BILOXI, Miss. (BP)–It’s the one thing on everyone’s mind: We need water.
“We’re serving 5,000 meals today [Sept. 1], but if we don’t get a water delivery this afternoon, we’ll have to shut down,” said Vernon Boteler, Mississippi disaster relief volunteer with the feeding unit set up at First Baptist Church in Biloxi, Miss.
Water and ice usually are the first supplies delivered to disaster sites, but they’re scarce this time around.
One truckload of ice arrived Thursday morning in this coastal town that was hard hit by Hurricane Katrina. As people swarmed toward the truck as it set up in an empty parking lot, 20 police officers stood in front of the ice to hold back the crowds. Officers passed out the ice, allowing only one bag per family.
“We’re accustomed to having truckloads of ice and water at a [disaster] site,” said Alabama volunteer Christy Hardin. “This is the worst I’ve seen to get supplies.”
Hardin and her husband, Rick, run a communications disaster relief unit, but little communication is possible at this point. Although the unit has satellite hookups for Internet and phones, the only thing working is ham radio.
“All the usual ways of communicating aren’t working here. We can’t make requests. We can’t find out what’s on the way,” Christy Hardin said. “As hard as it is for the volunteers, it’s worse for the people here. They’re desperate.”
With no electricity and no water, people are sleeping in their yards at night and using public areas as toilets. Looting has become a serious issue across the coastal areas, including Biloxi.
“They’ll take anything to make their lives closer to normal,” Hardin said. “We saw people stealing road signs that had fallen on the road. They made primitive-looking structures out of them. You learn early [as a volunteer] that people do what they can to cope.”
As the Mississippi unit was preparing to provide its noontime meal, no one would be receiving water or anything else to drink.
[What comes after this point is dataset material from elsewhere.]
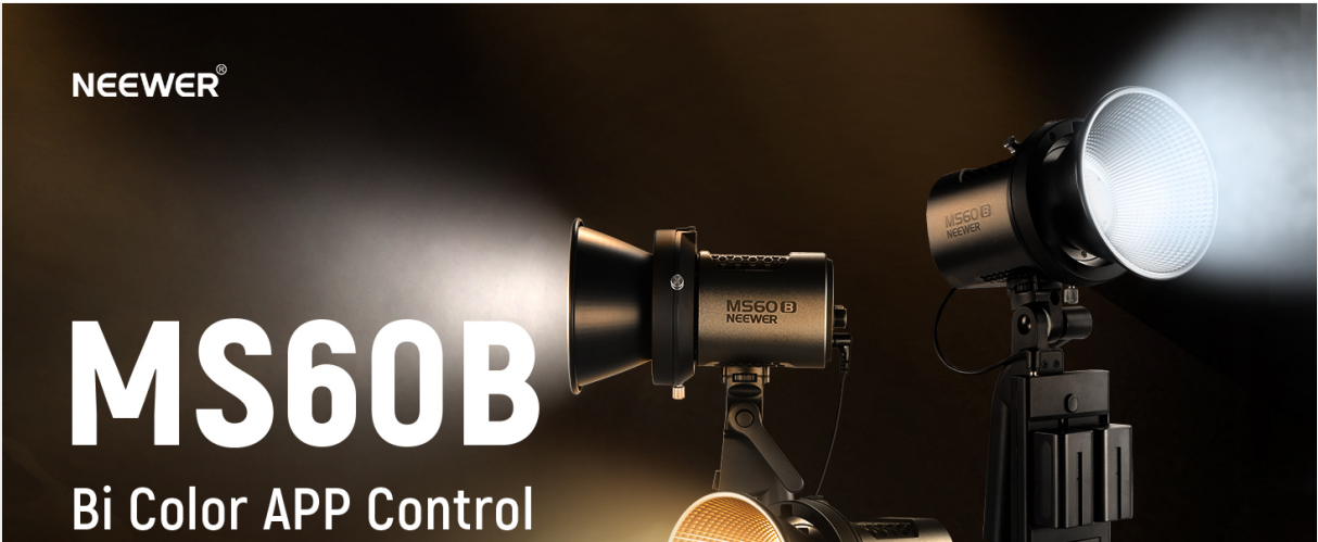
Image: Key specifications and performance metrics of the MS60B, highlighting its compact size and high output.

“One lady came through the line yesterday and said she didn’t need food, but she wondered if she could just get a Coke,” Hardin recounted.
Mississippi volunteer Dixie Kennedy has seen this kind of desperation throughout her 10 years as a disaster relief volunteer.
“It’s tough for so many of these people,” Kennedy said. “One man came through the food line and said, ‘I’ve always said I’d never accept help like this.’ I told him there’s never been anybody anywhere that didn’t need help sometime.”